Ya conocemos la condena que le ha caído a Josef Fritzl, ese viejillo de ojos de témpano, el monstruo de Amstetten: cadena perpetua. Ahora bien, lo más llamativo es que esa pena se cumplirá en un centro psiquiátrico o en un centro penitenciario con terapia psiquiátrica. Qué quieren que les diga, la cosa no se puede entender si no es desde nuestro empecinado optimismo antropológico. La psiquiatra que le trató antes del juicio ya dejó claro que el individuo es perfectamente consciente de sus actos, un ser racional, calculador y, por tanto, imputable moral y jurídicamente. Y, sin embargo, no se le condena a la cárcel sin más. Es claro que para el tribunal popular que le juzgó monstruosidades tan inauditas como las perpetradas por él no pueden entenderse mediante nociones morales como "maldad" o "crueldad", siquiera en sus formas más hiperbólicas, sino que deben adscribirse a alguna feroz patología psiquiátrica. No es que sea "malvado", es que tiene alguna "perturbación mental".

¿Cuál es la diferencia? Que con ese diagnóstico abriríamos la vía para una terapia científica, un tratamiento -al menos- para la mejoría de los síntomas perturbadores de la supuesta patología. ¿Estamos ante una sentencia compasiva en el fondo? Va más allá de eso, porque el mensaje que transmite es, por una parte, que el sistema penal (austriaco, al menos) no está sólo para castigar sino también para facilitar la recuperación del recluso y, por otra parte, que la ciencia (en general, o la psiquiatría en particular) es capaz de afrontar los casos más monstruosos, indagar sus causas, fijar un diagnóstico, acertar con el tratamiento. Si puede con un caso como el de Fritzl, ¡qué no podrá hacer con otros tantos menos graves, menos espectaculares!

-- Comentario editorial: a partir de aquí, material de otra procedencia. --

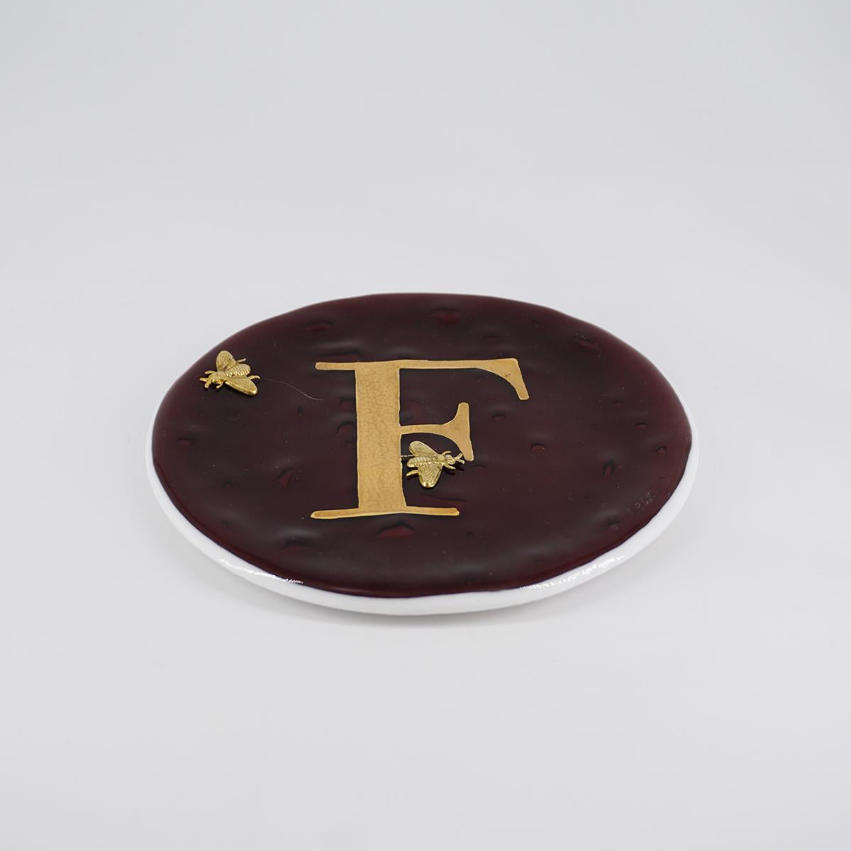Eleganza e personalità in un piattino di vetro di Murano. Con l'iniziale in oro e l'applique in ottone, questi piattini sono un vero e proprio gioiello artigianale.

Late ahí, insisto, un fondo de optimismo antropológico, característico de la modernidad. La idea de que podremos ir controlando, manipulando la naturaleza humana para combatir con una efectividad siempre creciente sus patologías físicas y psíquicas. El que hoy en día nadie se muera "de viejo" responde a la misma lógica. Todos mueren de alguna enfermedad determinada o de la conjunción fatal de varias de ellas. En la medida en que se identifican y se concretan, esperamos que la lucha médica sea tanto más incansable, tanto más eficaz. De hecho, las investigaciones biomédicas más candentes nos sugieren que, en un futuro no muy lejano, la media vital de los humanos (los afortunados del primer mundo, se entiende) se acercaría a los 120 años. Ahí sí que nos moriríamos, supongo, "de viejos".

En el siglo XVIII, Gottfried Leibniz propuso una división tripartita del mal ya convertida en clásica: el mal físico (el que se sufre), el mal moral (el que se comete) y el mal metafísico (la finitud humana, la muerte). Inmenso y devastador trabajo combatir en los tres frentes. E ir aceptando las derrotas, los límites, los imposibles.